Did you know that only about 8% of goals are actually achieved?
That’s research coming from the University of Scranton, that found that 92% of New Year’s goals are never met.
Not exactly inspiring for those of us looking to achieve a financial milestone in the upcoming year.
There is hope, however! There are a few principles you can apply to your goal-setting to help increase your chances of achievement. Check them out below and let us know how they help you in the new year!
Look at What You Value
Even if you know you should spend less money on eating out, if that’s the only way you get social interaction, and it’s a critical part of your identity, then it’s probably not going to be realistic to slash this from your budget. Turns out, our behaviors are way harder to change if they go against our beliefs and values.
Which is why it’s important to take stock of how our goals line up (or don’t) with our values.
Maybe eating out is incredibly important to you, and it would hurt less to cut the cable. Or maybe traveling is your number one priority, and you can make sacrifices in clothing or local entertainment.
If you’re not sure where to start in identifying if your goal lines up with your values, try asking yourself (and your spouse, if married), these questions:
- What motivates me to do things every day?
- What’s important to me and my family?
- Why is this goal important to me?
- What will this change mean to me; to my family?
- How will my life be better by achieving it?
Set Realistic Goals With Vision-Casting
Often when setting goals we skip right to the thing we want to happen. “I want to lose 20 pounds … I want to travel more … I want to save more money … I want to pay off my student loans, etc.” The problem with this type of goal-setting is that they fall short of illustrating what the impact will be on your life, i.e., the vision.
We don’t make a goal to pay off debt just for the sake of paying off debt. We pay off debt so that we can feel accomplished, happier and freer. We pay off that debt so we can use that money towards a different goal. We lose 20 pounds so that we can live longer, feel more confident, and have more energy. We save more money so that we can feel prepared to buy a house, get that couch upgrade, etc.
See what I’m getting at? The “so that” sentence is critical to setting the vision. Your goal is a defined step(s) that will help you attain your vision. This is an important distinction.
Vision 1: I feel financially cool, calm and collected.
Goal 1: Save $100 a month into an emergency fund by picking up a small side hustle.
Vision 2: My spouse and I are on the same page with our finances.
Goal 2: Set bi-weekly money dates to talk about budgets, goals, and how we’re tracking.
Vision 3: My student loans are no longer taking a huge chunk of my paycheck, or, the end is in sight.
Goal 2: Use a debt repayment calculator to see how long it will take me to pay off my loan(s), and how different amounts can impact that pay off date.
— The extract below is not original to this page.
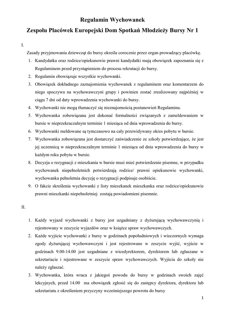 Regulamin Wychowanek Zespołu Placówek Europejski Dom Spotkań Młodzieży Bursy Nr 1 I. Zasady przyjmowania dziewcząt do bursy określa corocznie przez organ prowadzący placówkę. 1. Kandydatka oraz rodzice/opiekunowie prawni kandydatki mają obowiązek zapoznania się z Regulaminem przed przystąpieniem do procesu rekrutacji do bursy. 2. Regulamin obowiązuje wszystkie wychowanki. 3. Obowiązek dokładnego zaznajomienia wychowanek z regulaminem oraz komentarzem do niego spoczywa na wychowawczyni grupy i powinien zostać zrealizowany najpóźniej w ciągu 7 dni od daty wprowadzenia wychowanki do bursy. 4. Wychowanki nie mogą tłumaczyć się nieznajomością postanowień Regulaminu. 5. Wychowanka zobowiązana jest dokonać formalności związanych z zameldowaniem w bursie w nieprzekraczalnym terminie 1 miesiąca od dnia wprowadzenia do bursy. 6. Wychowanki meldowane są tymczasowo na cały przewidywany okres pobytu w bursie. 7. Wychowanka zobowiązana jest dostarczyć zaświadczenie ze szkoły potwierdzające, że jest jej uczennicą w nieprzekraczalnym terminie 1 miesiąca od dnia wprowadzenia do bursy w każdym roku pobytu w bursie. 8. Decyzja o rezygnacji z mieszkania w bursie musi mieć potwierdzenie pisemne, w przypadku wychowanek niepełnoletnich potwierdzają rodzice/ prawni opiekunowie wychowanki, wychowanka pełnoletnia decyzję o rezygnacji podpisuje osobiście. 9. O fakcie skreślenia wychowanki z listy mieszkanek mieszkanka oraz rodzice/opiekunowie prawni mieszkanki niepełnoletniej zostają powiadomieni pisemnie. II. 1. Każdy wyjazd wychowanki z bursy jest uzgadniany z dyżurującą wychowawczynią i rejestrowany w zeszycie wyjazdów oraz w książce spraw wychowawczych. 2. Każde wyjście wychowanki z bursy w godzinach popołudniowych i wieczornych wymaga zgody dyżurującej wychowawczyni i jest rejestrowane w zeszycie wyjść, wyjście w godzinach 9.00-14.00 jest uzgadniane z wicedyrektorem, dyrektorem lub zgłaszane w sekretariacie i rejestrowane w zeszycie spraw wychowawczych. Wyjścia do szkoły nie należy zgłaszać. 3. Wychowanka, która wraca z jakiegoś powodu do bursy w godzinach swoich zajęć lekcyjnych, przed 14.00 ma obowiązek zgłosić się do zastępcy dyrektora, dyrektora lub sekretariatu z określeniem przyczyny wcześniejszego powrotu do bursy 1 4. Każdorazowo wychodząc oraz wchodząc do placówki wychowanka obowiązana jest korzystać z elektronicznej karty dostępu. 5. Najpóźniejszą porą powrotu do bursy jest godzina 21.30. W wyjątkowych sytuacjach związanych z działaniami szkoły, do której uczęszcza wychowanka, po przedstawieniu dokumentu ze szkoły potwierdzającego konieczność późniejszego powrotu i uprzedniej zgodzie wychowawczyni, wychowanka może wrócić później, nie później jednak niż o godzinie 24.00. Każdorazowo w takiej sytuacji wychowanka niepełnoletnia musi przedstawić wychowawczyni pełniącej dyżur w grupie oświadczenie rodziców/opiekunów prawnych potwierdzające przejęcie odpowiedzialności za wychowankę w czasie jej nieobecności w bursie. Oświadczenie ma formę pisemną, może być dostarczone w wersji papierowej, faksem lub przesłane mailem z zadeklarowanego przez rodziców/opiekunów prawnych adresu mailowego. Każdorazowo wychowawczyni potwierdza telefonicznie zgodę rodzica/opiekuna prawnego. 6. W piątki i soboty najpóźniejszą porą powrotu do bursy jest godzina 22.00. W wyjątkowych sytuacjach i po uprzedniej zgodzie wychowawczyni, wychowanka może wrócić później, nie później jednak niż o godzinie 24.00. Wyjątek stanowi powrót ze studniówki. Każdorazowo w takiej sytuacji wychowanka niepełnoletnia musi przedstawić do godziny 20.00 wychowawczyni pełniącej dyżur w grupie oświadczenie rodziców/opiekunów prawnych potwierdzające przejęcie odpowiedzialności za wychowankę w czasie jej nieobecności w bursie, zawierające również informację gdzie wychowanka będzie przebywała (imię, nazwisko, adres, nr telefonu osoby, u której wychowanka będzie przebywała). Każdorazowo wychowawczyni potwierdza telefonicznie zgodę rodzica/opiekuna prawnego. Wychowanka pełnoletnia osobiście przekazuje wychowawczyni pełniącej dyżur informację o tym, gdzie będzie przebywała (imię, nazwisko, adres, nr telefonu osoby, u której wychowanka będzie przebywała) 7. Nocowanie poza bursą od poniedziałku do piątku jest zabronione. W wyjątkowych sytuacjach o zwolnieniu wychowanki niepełnoletniej decydują rodzice/opiekunowie prawni, wychowanki pełnoletnie decydują same i w obu przypadkach na piśmie przedstawiają swoją decyzję, najpóźniej do godziny 20tej w dniu, którego dotyczy nocowanie poza bursą. Każdorazowo wychowawczyni potwierdza telefonicznie zgodę rodzica. 8. Dyrektor może ustalić dni wyjazdowe, w tym weekendy, tym samym zobowiązać wszystkie wychowanki do wyjazdu z bursy. Decyzję taką (poza nadzwyczajnymi przypadkami) dyrektor podejmuje nie później niż tydzień wcześniej i informuje o tym pisemnie – w formie ogłoszenia. 2 III. 1. Wychowanki mają obowiązek uczęszczania do szkoły, nie opuszczania i nie spóźniania się na lekcje oraz osiągania pozytywnych wyników w nauce na miarę swoich możliwości. 2. O nieobecności w szkole i jej przyczynach musi być poinformowana wychowawczyni bursy. Wychowanka pozostająca w domu w dniach zajęć szkolnych powinna niezwłocznie poinformować bursę o przyczynach pobytu w domu i terminie powrotu do bursy. 3. Obowiązkowa cicha nauka w bursie trwa w godzinach 16.30 – 18.30. W tym czasie wszystkie wychowanki obowiązuje cisza, należy ograniczyć odwiedziny w pokojach. 4. W pokoju można uczyć się przy zgaszonym górnym świetle do godziny 24.00 pod warunkiem, że nie przeszkadza to współlokatorkom. Jeżeli koleżanki w pokoju śpią, wychowanka kontynuuje naukę po godzinie 22.00 w uczelni do godziny 24.00. W wyjątkowych sytuacjach, po uzyskaniu zgody wychowawczyni pełniącej dyżur nocny, wycho

The other problem with some of the goals I mentioned earlier, like “save more money,” or “pay off student loans” is that they’re way too vague. Like I said, there’s a difference between vision and goals, and goals are just a series of steps that get you to your vision.
Break down your goals into specific numbers, actions or strategies.
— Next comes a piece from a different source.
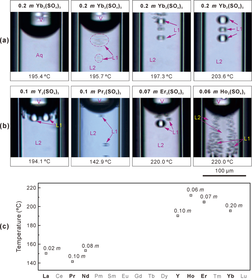 研究表明,含稀土硫酸鹽熱液在高溫條件下可分離為不混溶的兩種液相,一為高度富集REE和硫酸鹽的高密度液相(L1),一為貧REE和硫酸鹽的低密度液相(L2) (圖1)。這種現象傾向于在富CO2、低壓和低氯化物含量的熱液中發生。由于不混溶的兩個液相具有明顯的密度差異且貧REE液相作為基質具有較低的粘度,富REE液相將在重力作用下與貧REE液相高效分離,從而實現熱液體系中REE的高效富集,為高品位稀土礦床的形成提供物質基礎。

For example, instead of “save more money,” you will want to get specific about how much exactly you need to save per month or per paycheck. Then, if with that number in mind, jot down ways that you can either cut spending in areas to get to that number, or make more money on the side.
If that even seems too big, break those down too. Studies show that even crossing off small, mindless tasks from your to-do list can boost your productivity and feelings of accomplishment.
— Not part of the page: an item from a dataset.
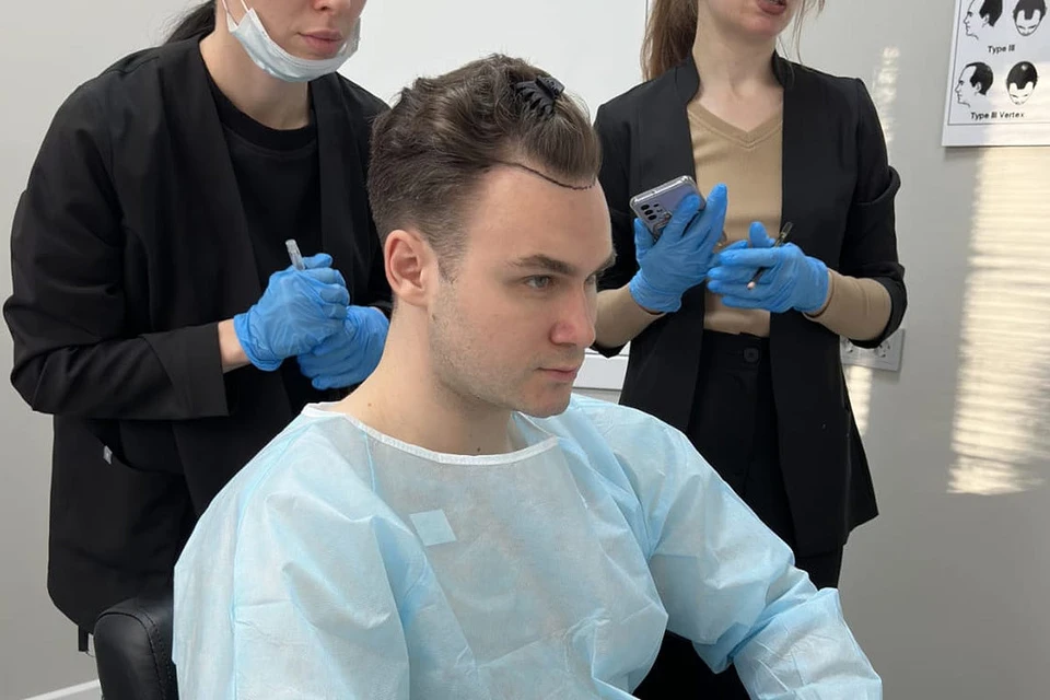 Процедура была сделана 9 января. Спустя практически месяц у Николая уже прорастают волосы. Соболев показал KP.RU фото «до» и «после», и результат, особенно в области висков, уже заметен.

Know Your Triggers (Both Good and Bad)
If you’re trying to lose weight, it’s a no-brainer to throw out all of your junk food because the sight of them can be a trigger to eating things you shouldn’t. The same principle can apply to setting financial goals. You have to know your triggers. One of mine, for example, is seeing friends on Instagram, eating out or buying new clothes. I immediately start justifying a need to go shopping or trying the latest restaurant. Because I know I do this, during times when I’m trying to tighten my belt, I try to stay off of social media.
That was an example of a bad trigger, but there can be good triggers too! For example, seeing your athletic shoes as soon as you get out of bed may be your trigger to go out for a run (i.e., eliciting a positive behavior).
Or, you can set up a reward system that helps you repeat the behavior, which leads to forming a positive habit. For example, you could give yourself a small treat every time you hit a saving milestone (I’m partial to a DIY face mask every time I add an extra payment to my student loan).
Bottom line is you need to know what helps and hurts you on your way to your financial goal. This knowledge will help you reinforce the good behaviors and avoid the negative ones.
I hope these tips help you set financial goals you can actually stick to this new years! I especially like the vision vs. goal advice, and I’ll be keeping that in mind as I make my own resolutions.
What other tips would you add to the list? Share in the comments.